__Prompt__
Taking the data below, please print only the lines from the line holding "Rosewood Ombre Soft" to the line holding "真铁牛儿,形容丑恶,性刚偏好", inclusive, with pictures omitted.
━━━━━ Records for processing
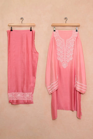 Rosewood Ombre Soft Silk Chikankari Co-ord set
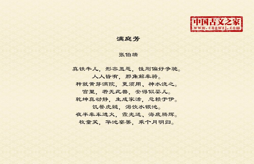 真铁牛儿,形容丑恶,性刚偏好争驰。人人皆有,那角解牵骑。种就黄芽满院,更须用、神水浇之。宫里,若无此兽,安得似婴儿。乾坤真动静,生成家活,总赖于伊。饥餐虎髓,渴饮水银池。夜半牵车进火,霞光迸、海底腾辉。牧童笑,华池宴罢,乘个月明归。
━━━━━━━━━━
━━━━━ Records for processing
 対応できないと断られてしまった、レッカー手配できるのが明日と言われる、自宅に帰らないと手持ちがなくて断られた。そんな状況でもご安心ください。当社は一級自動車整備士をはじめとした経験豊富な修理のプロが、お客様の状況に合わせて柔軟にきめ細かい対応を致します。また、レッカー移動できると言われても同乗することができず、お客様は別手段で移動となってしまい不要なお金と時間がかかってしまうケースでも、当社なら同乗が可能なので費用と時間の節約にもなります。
━━━━━━━━━━
__Answer to this task__
 Rosewood Ombre Soft Silk Chikankari Co-ord set
 真铁牛儿,形容丑恶,性刚偏好争驰。人人皆有,那角解牵骑。种就黄芽满院,更须用、神水浇之。宫里,若无此兽,安得似婴儿。乾坤真动静,生成家活,总赖于伊。饥餐虎髓,渴饮水银池。夜半牵车进火,霞光迸、海底腾辉。牧童笑,华池宴罢,乘个月明归。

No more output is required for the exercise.